Deep Markov Models (DMMs) are generalizations of Hidden Markov Models for learning generative models of complex, high-dimensional dynamic systems. Despite the popularity of DMMs, theoretical properties such as their robustness and the stability of generated trajectories remain open. A study produced by a team from ORNL and Pacific Northwest National Laboratory:
- proposes stability analysis methods based on operator norms of DMMs;
- provides sufficient conditions for DMMs by leveraging the Banach fixed-point theorem; and
- introduces a set of methods for designing provable DMMs.

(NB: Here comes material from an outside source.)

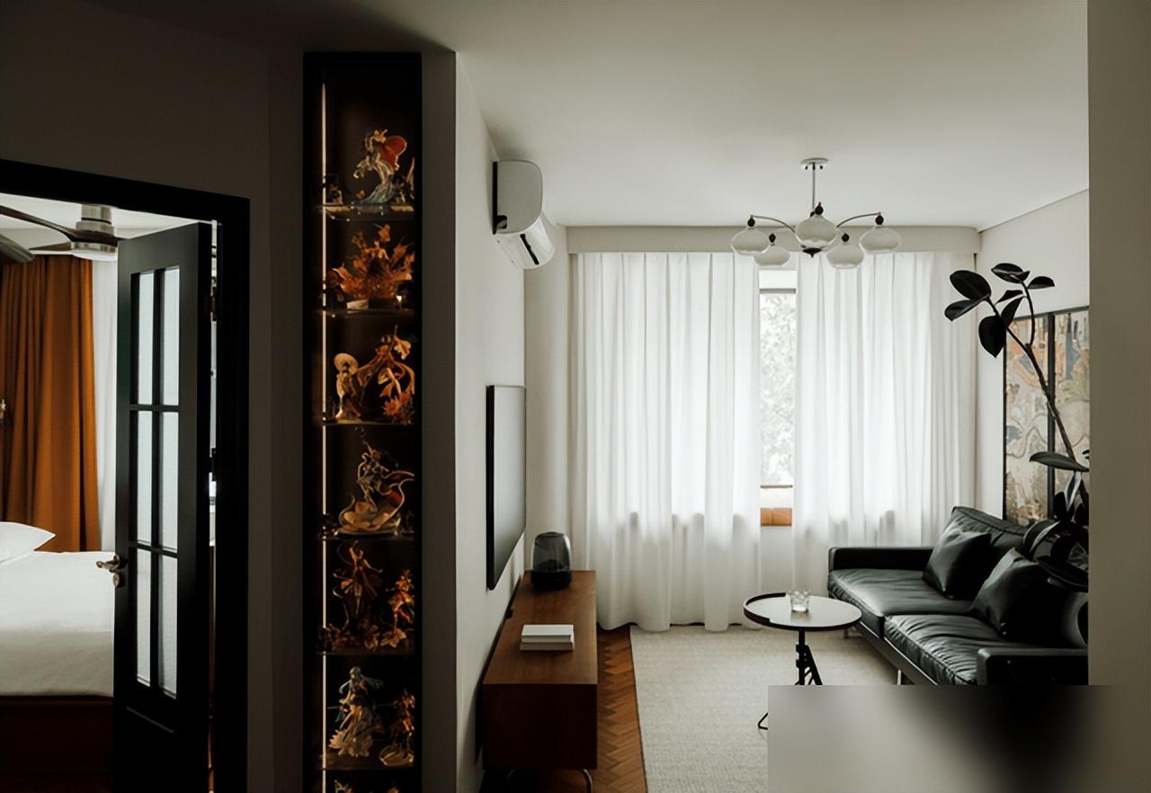 斜牆設計藏手辦展示區,空調管包弧線過渡,這些小改動花不了幾個錢,卻讓空間利用率飆升。
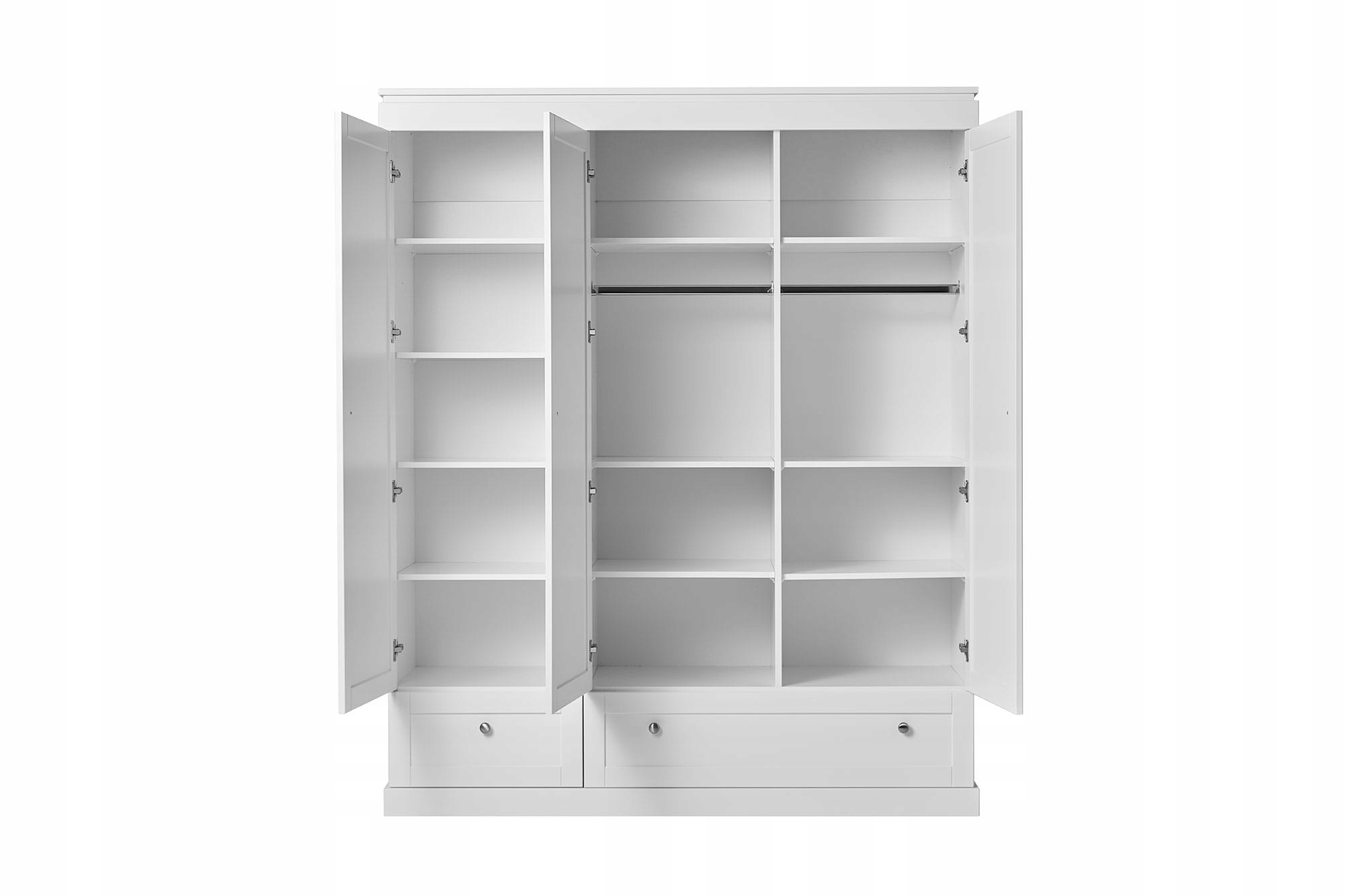 - 3-х дверна шафа має якісну безшумну систему закривання. Всередині шафи є дві вертикальні перегородки і різні можливості для внутрішнього розташування шафи - наприклад, 4 полиці посередині, 2 полиці і штанга для одягу зліва і 2 полиці і штанга для одягу з правого боку. У стандартну комплектацію входять: 4 полиці для середньої частини та 4 полиці та 2 штанги для одягу для зовнішніх частин. Можливе придбання додаткових полиць для зовнішніх частин - максимум 4 шт (до центральної частини не підходять). Середні двері можна встановити з лівого або правого боку.

The team conducted numerical studies to demonstrate the connection between the parameters of neural networks and the stochastic stability of DMMs. Ongoing efforts will apply the theoretical work of control and modeling of dynamic systems to real-world scenarios.
Publication(s) for this work:
- J. Drgona, S. Mukherjee, J. Zhang, F. Liu, and M. Halappanavar, “On the Stochastic Stability of Deep Markov Models.” Conference on Neural Information Processing Systems, December 6-14, 2021
Team Members: Jiaxin Zhang, Frank Liu (ORNL), Jan Drgona, Sayak Mukherjee, Mahantesh Halappanavar (PNNL)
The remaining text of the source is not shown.